Hastrat Kulayangkan
Mungkin terlalu cepat, mendadak, dan penuh kejutan, sampai membuatmu kaget saat mulut ini lantang mengatakan bahwa diri mengungkapkan sebuah argumen bahwa aku telah bertekad bulat untuk mencintaimu, karena aku menganggap bahwa kamu menyukaiku, dan aku pun telah belajar mencintaimu dengan serius, aku dengan sekuat tenaga berusaha untuk mampu mendapatkanmu, walau kamu berkehendak untuk menolak, aku tetap berdikari untuk terpaku di depan pintu hatimu. Kukira semua berjalan seperti semestinya, kamu menerimaku tanpa ada hal-hal yang menghalangi, tapi bagaimana mungkin sebuah usaha tanpa penghalang. Aku meluapkan perasaanku yang kau dengar dengan khidmat sehingga ada keraguan dalam dirimu, apa yang aku usahakan ternyata tak semudah mengedipkan mata.
Ada sebab tutur katamu menolakku, ada yang mengganjal dan sesuatu hal yang membuatmu ragu untuk menerimaku, dan ada rasa terkejut ketika kamu tahu aku suka padamu.
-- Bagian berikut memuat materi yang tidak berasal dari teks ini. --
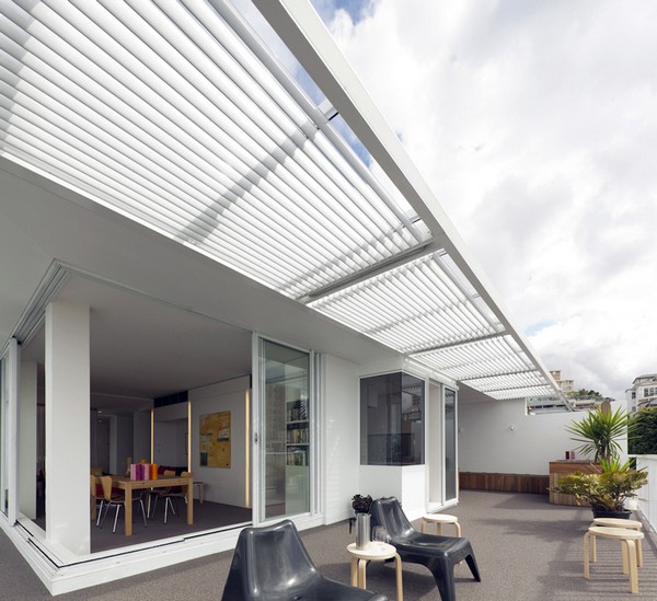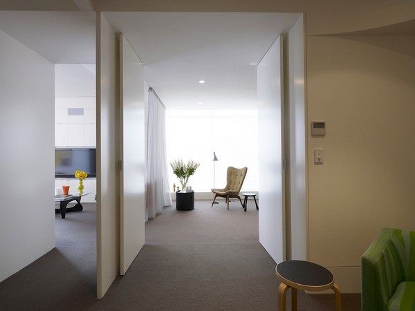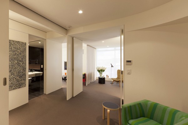 Large sliding and pivoting panels flexibly enable the second guest room to expand into and form part of the public area, gaining access to light and ventilation, thereby visually and physically enlarging the public area into the depth of the plan. A new study and sitting area are inserted near the entry, permitting access to alternative contemplative views of the harbor which can be visually delineated from the main living areas by a retractable curtain to flexibly contract or enlarge the living areas as required”. Enjoy the photo and please leave your personal opinions about this project below. [Photography: Brett Boardman]

Alasanmu yang begitu cepat dan tiba-tiba, seperti tak ada angin, layangan pun terbang, tak ada hal yang selalu muncul, tiba-tiba mengungkapkan. Tapi bagaimana bila rasa ini dengan yakinnya mampu memilikimu, bila tidak selamanya, setidaknya sejenak.
Begitu terkejutnya aku ketika kamu mengatakan padaku bahwa rasa suka yang ada dalam dirimu kepadaku hanya rasa kagum biasa, tak lebih seperti rasa cinta bagai sepasang burung yang terbang bebas bersama melewati sejuknya udara, namun kamu hanya kagum dan enggan untuk bersama-sama merangkai hubungan sehingga rasa ini mampu terbalaskan. Inilah aku yang lemas tak berdaya ketika kamu mengatakannya, setelah sekian aku menabung rasa agar mencintaimu, ternyata ketika cinta itu sudah membulat, kamu menolakku.
Ini kesalahanmu yang dengan mudah mengatakan dan kurang tepat dalam menyampaikan, sehingga aku terasa terbawa perasaan yang lebih, mempunyai harapan besar padamu. Aku meratapi nasib yang ternyata impianku tak sesuai dengan hal yang semestinya.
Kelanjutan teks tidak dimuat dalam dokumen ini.